WHAT TO PRODUCE: All of the data should be copied exactly, with the pictures left out.

AVAILABLE DATA:

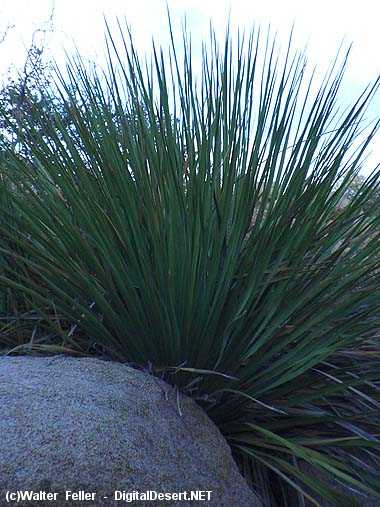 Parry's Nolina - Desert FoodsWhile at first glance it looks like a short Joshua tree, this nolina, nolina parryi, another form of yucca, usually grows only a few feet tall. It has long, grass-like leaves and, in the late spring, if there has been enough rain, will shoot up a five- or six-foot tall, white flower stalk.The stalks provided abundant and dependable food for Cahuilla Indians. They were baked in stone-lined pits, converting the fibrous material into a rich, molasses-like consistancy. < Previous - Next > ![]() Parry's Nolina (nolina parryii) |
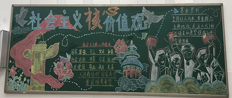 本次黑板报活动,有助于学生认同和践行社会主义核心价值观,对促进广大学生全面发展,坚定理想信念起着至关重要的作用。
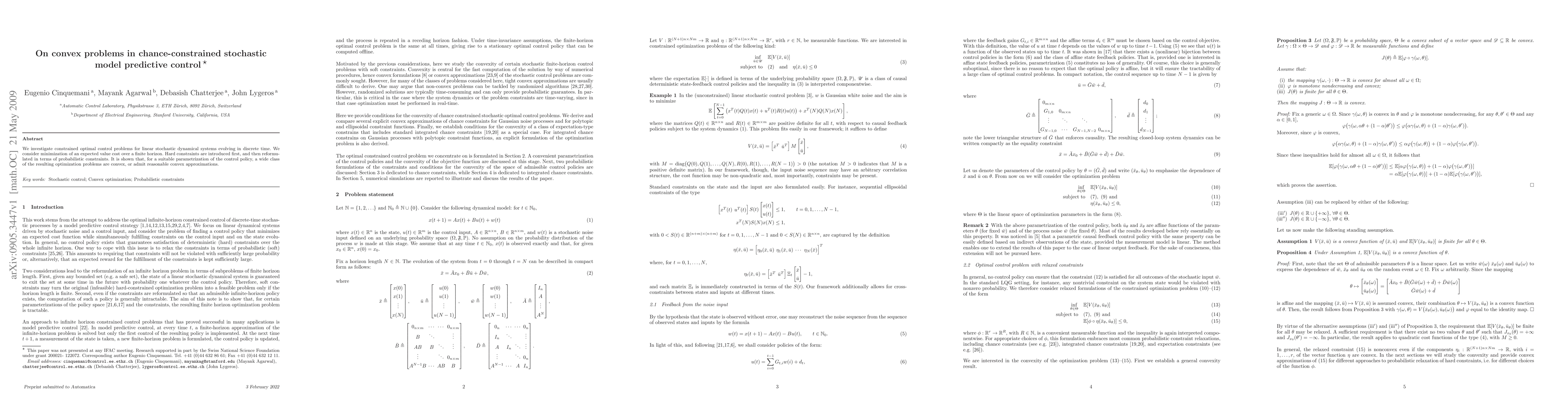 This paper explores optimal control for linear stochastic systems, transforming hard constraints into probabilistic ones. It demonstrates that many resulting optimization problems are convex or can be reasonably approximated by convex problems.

EXPECTED ANSWER:
 Parry's Nolina - Desert FoodsWhile at first glance it looks like a short Joshua tree, this nolina, nolina parryi, another form of yucca, usually grows only a few feet tall. It has long, grass-like leaves and, in the late spring, if there has been enough rain, will shoot up a five- or six-foot tall, white flower stalk.The stalks provided abundant and dependable food for Cahuilla Indians. They were baked in stone-lined pits, converting the fibrous material into a rich, molasses-like consistancy. < Previous - Next > ![]() Parry's Nolina (nolina parryii) |
 本次黑板报活动,有助于学生认同和践行社会主义核心价值观,对促进广大学生全面发展,坚定理想信念起着至关重要的作用。
 This paper explores optimal control for linear stochastic systems, transforming hard constraints into probabilistic ones. It demonstrates that many resulting optimization problems are convex or can be reasonably approximated by convex problems.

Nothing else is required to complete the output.